É preciso lidar constantemente com uma atmosfera de tensão e cuidado, pois as atitudes são julgadas, independente da situação. Por exemplo: se uma mulher é firme, séria e reage aos descasos, é julgada como agressiva, histérica e “na TPM”; por outro lado, se tenta se manter neutra, não tem personalidade ou não aguenta o tranco. Ou seja, não existe saída para elas.

Por que precisamos de mais mulheres na tecnologia?

A Inteligência Artificial e o machine learning são duas áreas da Ciência da Computação que estão intimamente relacionadas. Basicamente, a IA busca simular a inteligência humana, enquanto o machine learning busca ensinar as máquinas a se comportarem como humanos. Em todos os casos, são humanos programando máquinas para representarem ações humanas em todos os aspectos possíveis, desde o movimento mais simples até tarefas complexas de compreensão e raciocínio.

Um dos maiores desafios para os pesquisadores e cientistas dessas áreas é ensinar a máquina a reagir diante do inesperado. Animais reagem por instinto, humanos reagem através do raciocínio rápido. Já as máquinas precisam ser especificamente programadas para desempenharem as atividades para as quais foram projetadas. E quem esquematiza todos esses processos, dados e códigos são, majoritariamente, homens.

Para que a IA seja cada vez mais precisa, é preciso que haja mais qualidade nos parâmetros e algoritmos de treinamento. É aí que entra o viés do programador, que irá determinar os conjuntos de dados a serem passados para a máquina.

Quanto menos diverso é o local onde nascem as IAs, mais erros e falhas nascem junto com elas. Em um cenário onde as IAs e as máquinas super-inteligentes estão cada vez mais presentes na sociedade e sendo decisivas em vários processos fundamentais, como processos seletivos, reconhecimento facial e até mesmo operações bancárias e jurídicas, é imprescindível que outros vieses além do masculino padrão seja levado em conta.

Atualmente, cerca de 12% das pessoas envolvidas com a pesquisa e criação de Inteligência Artificial são mulheres. Em um mundo onde aproximadamente metade da população é feminina e com cerca de 48% de participação da mulher no mercado de trabalho, não é possível que uma máquina dotada de inteligência artificial cometa erros como o BERT, tecnologia da Google, que associou 99 de 100 palavras como jóia, bebê, casa, dinheiro etc à homens.

Ou um sistema de contratação da Amazon que discriminava nomes femininos. Também é necessário que as IAs não sejam levadas a perpetuarem comportamentos preconceituosos, como Tay, o chatbot da Microsoft criado para interagir com os usuários do Twitter aprendendo a linguagem millenial e que, em questão de horas, estava reproduzindo discursos sexistas e racistas.
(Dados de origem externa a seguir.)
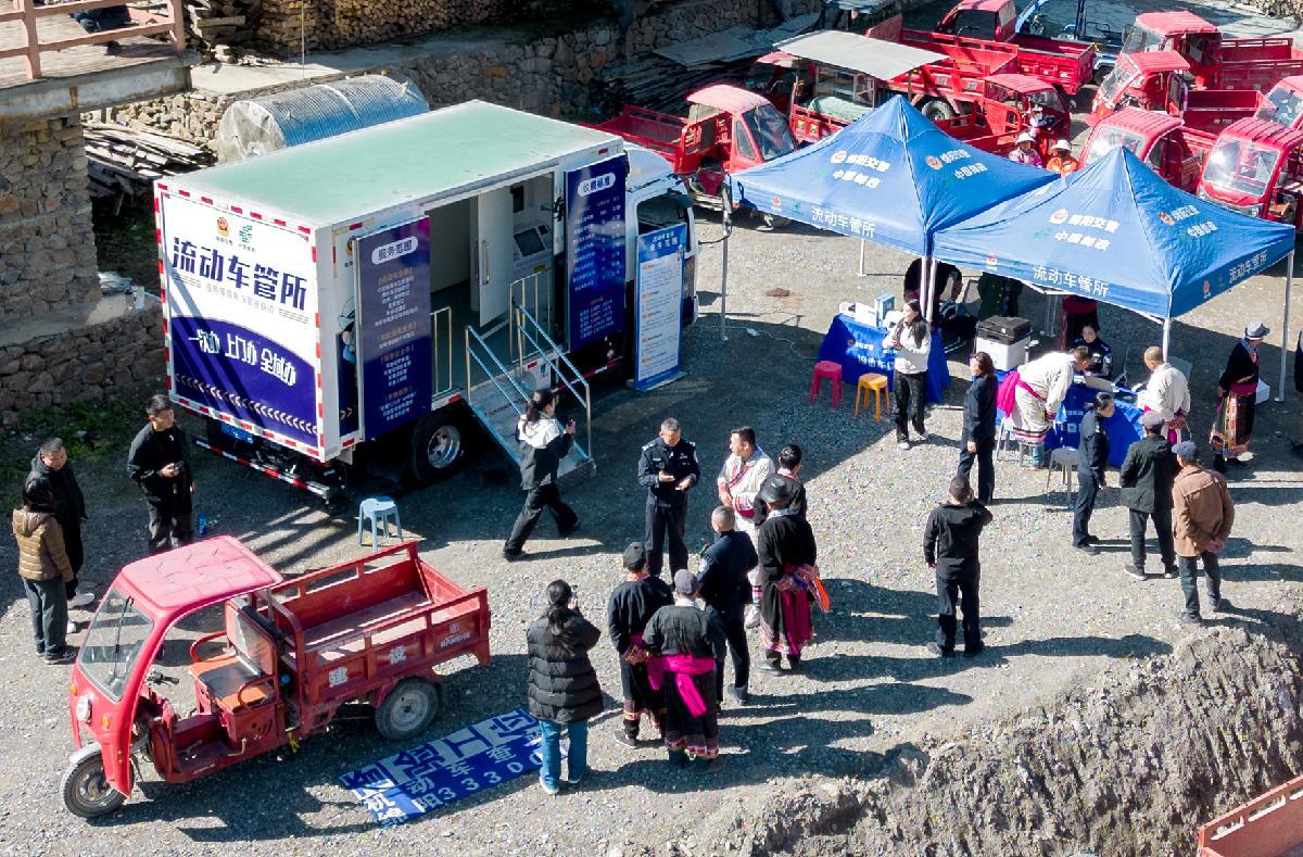 10月30日,四川省綿陽(yáng)市公安局交通警察支隊(duì)將“流動(dòng)車(chē)管所”開(kāi)進(jìn)平武縣白馬藏族鄉(xiāng)扒昔加古寨,為周邊群眾帶來(lái)家門(mén)口的車(chē)駕管服務(wù)。

E a solução é em relação à mulheres na tecnologia?

Primeiramente, é importante ressaltar que não existe solução rápida e fácil. Identificar o problema já exige uma alta dose de reflexão e entendimento de como a sociedade está construída e baseada em fortes e históricos processos de exclusão da mulher como personagem protagonista e digna de reconhecimento. Por isso, é preciso que tanto homens quanto mulheres compreendam seus papéis e revejam suas atitudes.

Aos homens, cabe a tarefa de compreender posturas e ações tanto dentro do ambiente de trabalho quanto fora. Um exemplo é ajudando a erradicar os comportamentos tóxicos de amigos e colegas de trabalho. Às mulheres, o que vale é buscar entender que o sentimento de não-pertencimento a uma área de estudo ou trabalho não é nada além de uma imposição social injusta. Formar coletivos para desenvolver projetos de acolhimento, incentivo e propagação sobre Ciência e Tecnologia é uma das melhores maneiras de começar.
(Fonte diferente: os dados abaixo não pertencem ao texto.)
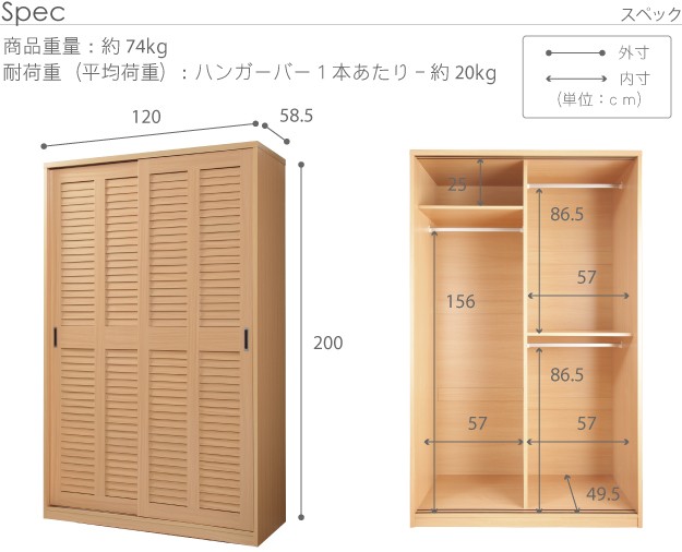 ●左下部有効内寸:幅57x奥行49.5x高さ163cm(バー下156cm)

Além disso, os pais devem suscitar e estimular a curiosidade das meninas para as ciências e matemática, através de inúmeras tarefas lúdicas e até mesmo com brinquedos e conteúdos educativos. Os professores devem sempre reforçar a confiança das alunas e tratá-las da mesma forma que os meninos, ao invés de separar atividades de “menino” e de “menina”.
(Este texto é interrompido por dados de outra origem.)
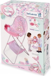 Inclusief eettray met schattige accessoires (flesje, bestek) en een praktische opbergmand onderaan. Afmetingen 65 × 32 × 42 cm (h × b × d) en hoogte tot de tray 50 cm zorgen voor comfortabel gebruik door kinderen. De hoogwaardige afwerking van het merk DeCuevas staat voor een lange levensduur en veilige uitvoering.

Tudo isso leva tempo, exige esforço e dedicação pessoal, mas cada pequena mudança de atitude conta muito para que as mudanças sejam efetivas e duradouras. Não é fácil mudar séculos de ideias profundamente enraizadas. Aos poucos, vamos trabalhando para desconstruí-las e, dessa forma, não só as IAs, mas também a nossa sociedade, evoluem e melhoram como um todo, criando um ambiente mais justo e igualitário para todos.